The emergence of both ChatGPT and Sora has validated the correctness of the 'Predict the next X' approach. Therefore, the direction to further expand the imagination space and unleash the value of large models is to continuously extend the representation of the unknown variable X in 'Predict the next X'.
This X could be medical examination reports, hydrological data, monitoring values, or emergency plans. These industry-specific large models require a vast amount of industry-specific data and deep domain knowledge to ultimately generate the X for a particular industry.
For example, consider this sound effect large model developed by professionals in a vertical industry.
When designing the optimal sound experience for a concert hall, you simply need this industry-specific large model to generate sound solutions under different scenarios, provide specific data, and present it with intuitive visualizations.
This kind of sound experience generation cannot be achieved by predicting the next word. However, after training an industry-specific large model with a vast amount of proprietary formats and special data from the sound industry, it can be generated in this way. To develop such models, a crucial prerequisite is clearly to place the initiative in the hands of professionals across various industries, allowing specialized knowledge and data to play their roles.
What they may need is not a traditional large language model, nor one fine-tuned with industry data, but rather a foundational large model genuinely trained on diverse forms of data from their own industry.
Fourth Paradigm's AIOS 5.0 can accept various types of "X" and then build corresponding vertical industry-specific large models based on these X. As they put it—"You reap what you sow." A language model can't solve math problems.

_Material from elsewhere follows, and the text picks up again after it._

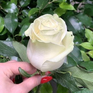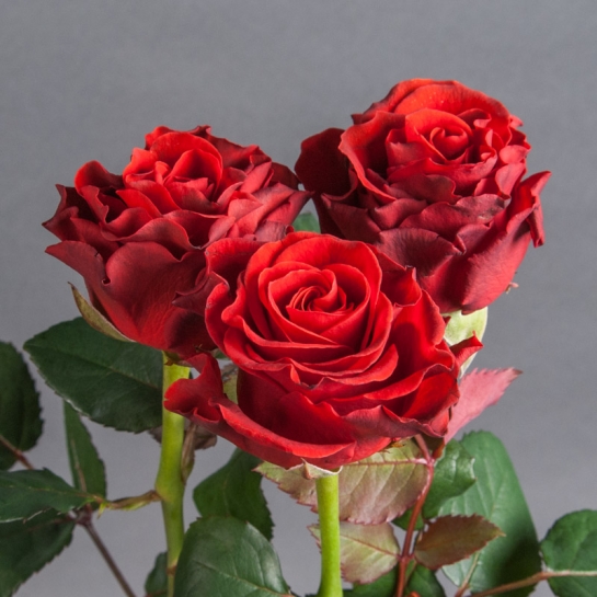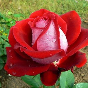 Квіти криваво-червоного (червоно-оранжевого) кольору, розташовані по одному на дуже потужних квітконосах, діаметр квітки близько 10см, з часом вигоряє, але при цьому не втрачає своєї привабливості, пелюстки гофровані. Листя темно-зелене з червонуватим відтінком. Кущ компактний, рясно квітучий.Роза відрізняється оригінальною формою пелюстки. Різьблені і великі можуть бути і яскраво-червоного, і кривавого, і темно-оранжевого кольору. На різних стадіях цвітіння фарбування троянди може переходити на 1-2 тони у темну або світлу сторону. Іноді від променів сонця на пелюстках утворюється темно червоне, майже чорне напилення. Аромат слабкий. Кущ має прямі рівні пагони без шипів, що робить сорт ідеальним для зрізування. Листя середнє, різьблене, темно зеленого кольору.

In fact, this approach is increasingly being adopted by major companies. Even OpenAI doesn't believe there will ultimately be a one-size-fits-all large model to solve all problems. OpenAI's COO recently stated at a forum, "You certainly don't need a single model to solve everything. People should dynamically call different models based on specific use cases to better allocate intelligent resources."
So, don't be limited by ChatGPT and Sora. The "X" in "Predict the next X" should have far more possibilities. And these possibilities will only sprout and grow from within various industries. When they connect, AGI may arrive even sooner.